Que voilà un film vraiment réussi !
Adapté du roman éponyme de Pierre Lemaitre (Prix Goncourt 2013), l’histoire nous emmène au coeur de la Première Guerre Mondiale et des quelques années qui suivent. Albert Maillard, soldat (Albert Dupontel), fait la connaissance dans les tranchées d’Edouard Péricourt, un jeune homme de bonne famille, artiste (Nahuel Perez Biscayart, remarqué, sinon plus, dans « 120 battements » cette année). Le 9 novembre 1918, alors que tout le monde attend la fin de la guerre, le lieutenant qui est à leur tête décide d’envoyer ses troupes dans un dernier assaut, contrevenant ainsi aux ordres qu’il vient de recevoir. En sauvant Albert lors de cette tuerie, Edouard va devenir une gueule cassée. Revenus à la vie civile, ces deux vont rester ensemble, l’un parce qu’il ne veut pas revoir son père, richissime industriel, l’autre parce qu’il veut veiller sur le premier. Ensemble, nantis de Louise, une jeune orpheline qui est la seule à comprendre ce que dit Edouard, ils vont monter une arnaque sur la construction des monuments aux morts.
Je ne raconterai pas plus cette histoire macabre et jouissive, faite d’interactions permanentes entre les quelques personnages de l’histoire : outre les deux héros, Pradelle (Laurent Lafitte), le lieutenant sadique, qui est devenu un homme d’affaires florissant grâce à un trafic sur les cercueils des morts de la Grande Guerre ; le père d’Edouard Marcel Péricourt (Niels Arestrup) et la soeur d’Edouard, la belle Madeleine (Emilie Dequenne) ; et Pauline, domestique dans l’hôtel particulier des Péricourt (Mélanie Thierry).
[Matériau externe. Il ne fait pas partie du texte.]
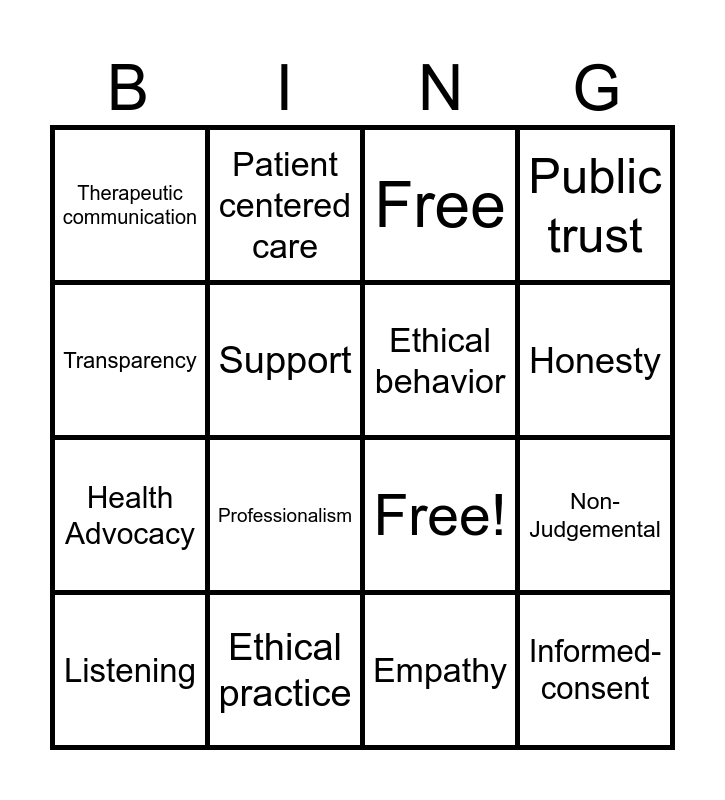 This bingo card has 20 words: Free!, Autonomy, Patient centered care, Empathy, Informed- consent, Health Advocacy, Ethical practice, Free, Non-Judgemental, Therapeutic communication, Professionalism, Ethical behavior, Public trust, Listening, Support, Best practice, Honesty, Transparency, Choice and Therapeutic relationship.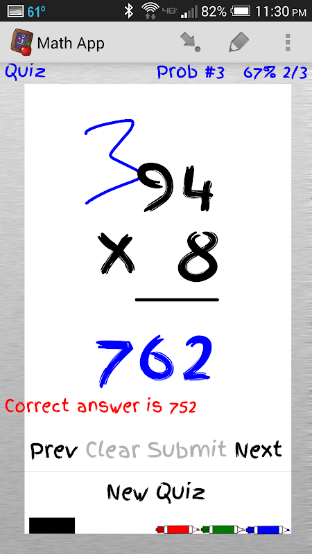 MathApp is a simple no frills app which allows young kids to practice their math skills right on a smart phone or tablet with the touch of their fingertips. The app is designed to allow kids or anybody to work out basic arithmetic problems on the screen as if working on a whiteboard. The goal is to encourage kids to practice "working out" problems and showing work.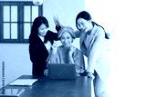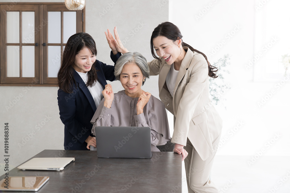 幅広い年齢層の女性チームで働く複数のビジネスマン 成功や業績が好調でみんなで喜ぶハイタッチ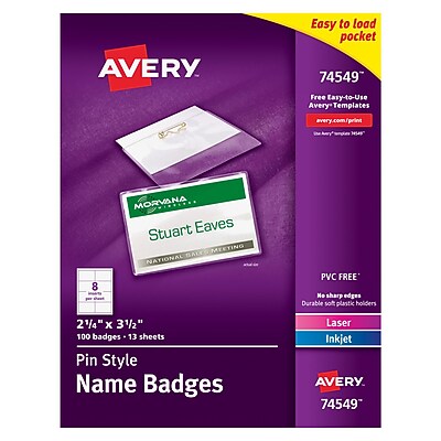 Avery Name Badge Template 74549. Name Badge Kits-Safety-Pin-On Card Holder Kit. I used the Avery name badge template (free on the Avery website) and printed the name badges on the inserts.

Albert Dupontel évite les clichés de la reconstitution historique, que nous avons vu se perdre dans tant de lourdeurs, comme si certains metteurs en scène croulaient sous le poids de tous ces décors et costumes qui ne sont pas de leur temps et finissaient par asphyxier leur art. Le réalisateur semble au contraire ici tellement à l’aise que cela en devient époustouflant de naturel.
Le rythme du film y est sûrement pour quelque chose. Rapide, enlevé, sur un tempo presque guilleret, il emporte les spectateurs du début à la fin sans ennui. Derrière tout cela se cache, bien sûr, un grand art de la mise en scène, qui fait que les plans s’enchaînent si naturellement.
De ce motif si noir – des personnes qui profitent d’un malheur national, Pradelle et les héros sont à la même enseigne sur ce point – l’auteur fait quelque chose de différent, soufflant le chaud et le froid sans cesse. Nous passons d’une bluette en forme de conte de fées pleine de merveilleux au cynisme le plus dense (il faut voir par exemple le dialogue entre Emilie Dequenne et Laurent Lafitte, un pur joyau), tout cela en un instant. C’est un vrai équilibre qu’Albert Dupontel a trouvé ici entre ces deux dimensions, qui se répondent l’une l’autre dans une belle harmonie.
Notons la poésie qui innerve le film, notamment au travers des masques oniriques que porte Edouard, comme pour se refaire une personnalité idéale.
Les personnages s’avèrent également – tous – plus complexes qu’au premier abord et sont interprétés par des comédiens à leur meilleur. Je ne saurai lequel distinguer, tellement ils sont excellents.
Fable sociale très originale, hésitant entre obscurité et lumière, c’est un des meilleurs films que j’ai pu voir récemment. Allez-y.
FB
Tu m’as donné envie. A voir donc…
Merci ! Tu m’as déjà donné envie de voir pas mal de films, alors je te rend la pareille.
C’est fait, j’ai bien aimé. 🙂
Tant mieux !
Pareil que Marcorele , bien que j’aime assez Albert Dupontel , je ne pensais pas aller voir celui ci , Rue2provence vous m’avez convaincu .
Oui oui il faut y aller. C’est le meilleur de cette semaine, pendant laquelle j’ai vu quatre bons films, « Blade runner 2049 », « Jeune femme », « Corps et âme » que je viens de chroniquer et celui-ci.